With the development of carbon nanotubes (CNs) in the 1990s, there was a renewed interest in Space Elevators. In June 1999, David Smitherman of the NASA Advanced Concepts Office (ACO) delivered a speech at the Advanced Space Infrastructure Workshop, proposing that CNs could make a space elevator feasible. His arguments were also published in a 2000 report titled “Space Elevators: An Advanced Earth-Space Infrastructure for the New Millennium.”
That same year, NASA scientist Bradley C. Edwards performed a feasibility study with support from the NASA Institute for Advanced Concepts (NIAC). In his final report (titled “The Space Elevator“), he stated that carbon nanotubes were the best candidate since they were believed to have the necessary tensile strength and density – 130 gigapascals (GPa) and 1300 kg/m³, respectively. In 2003, he followed up with the NIAC Phase II Final Report, which contained similarly optimistic appraisals. However, his conclusions were based on theory and simulation and did not consider two major issues with CNs.
These included the issue of mass production since CNs are grown and not machine-produced, with a maximum length of about 50 cm (20 inches) – achieved by researchers at Tsinghua University in Beijing. Even worse, the hexagonal covalent bonds that give carbon nanotubes their high tensile strength also mean they are likely to fray when placed under extreme stress. As Nixon summarized:
“The study reported in 2003 that the space elevator was based on solid science and could be built with today’s engineering technology – just one part remained to be solved – the tether. The tether material needs to be incredibly strong and lightweight. The only material at the time was carbon nanotubes (CNT). At the time of the NIAC report in 2003 CNTs could not be made longer than a few mm. CNT development has not advanced in the last two decades – and the space community lost interest in the space elevator.”
Less than a year after the NIAC Phase II report was issued, another carbon-based supermaterial that showed immense potential was isolated for the first time!

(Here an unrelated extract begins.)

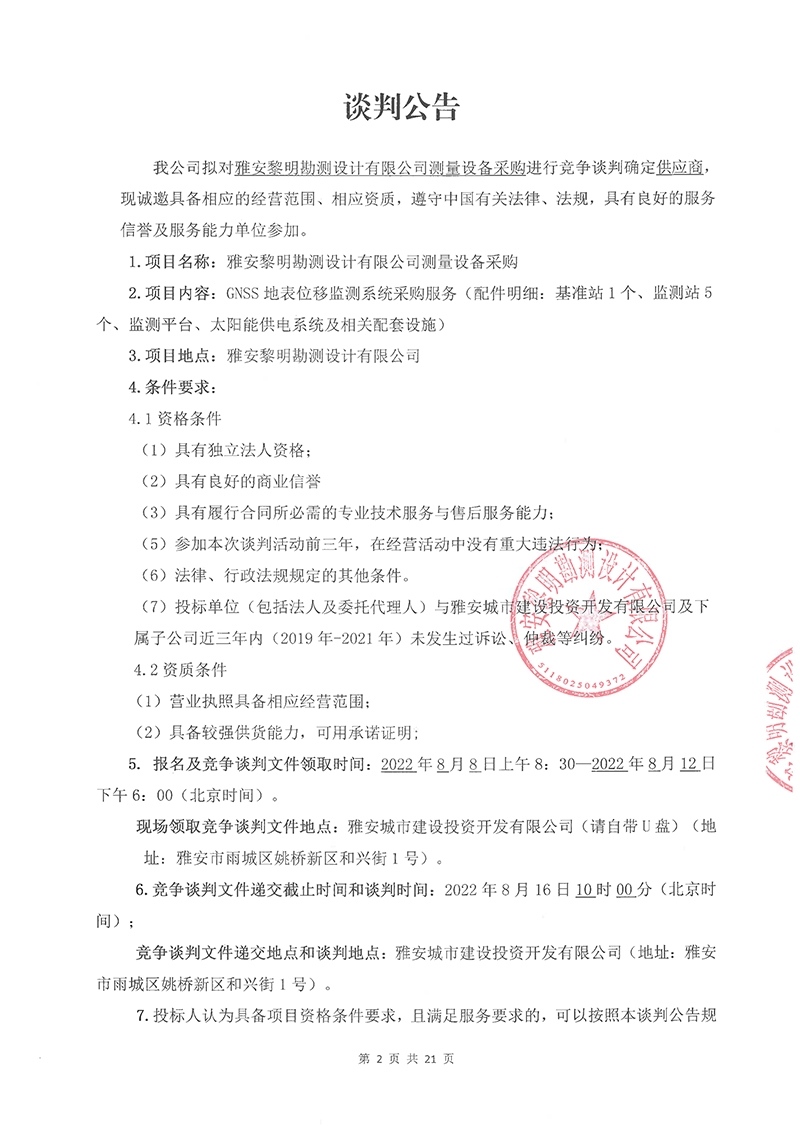 雅安黎明勘測設(shè)計(jì)有限公司測量設(shè)備采購競爭談判文件

Like carbon nanotubes, graphene is an allotrope of carbon consisting of a single layer of atoms arranged in hexagonal lattice structures. Unlike CNs, graphene is a two-dimensional material arranged in a sheet. Manchester University professors Andre Geim and Konstantin Novoselov discovered the material and were awarded the 2010 Nobel Prize in Physics “for groundbreaking experiments regarding the two-dimensional material graphene.”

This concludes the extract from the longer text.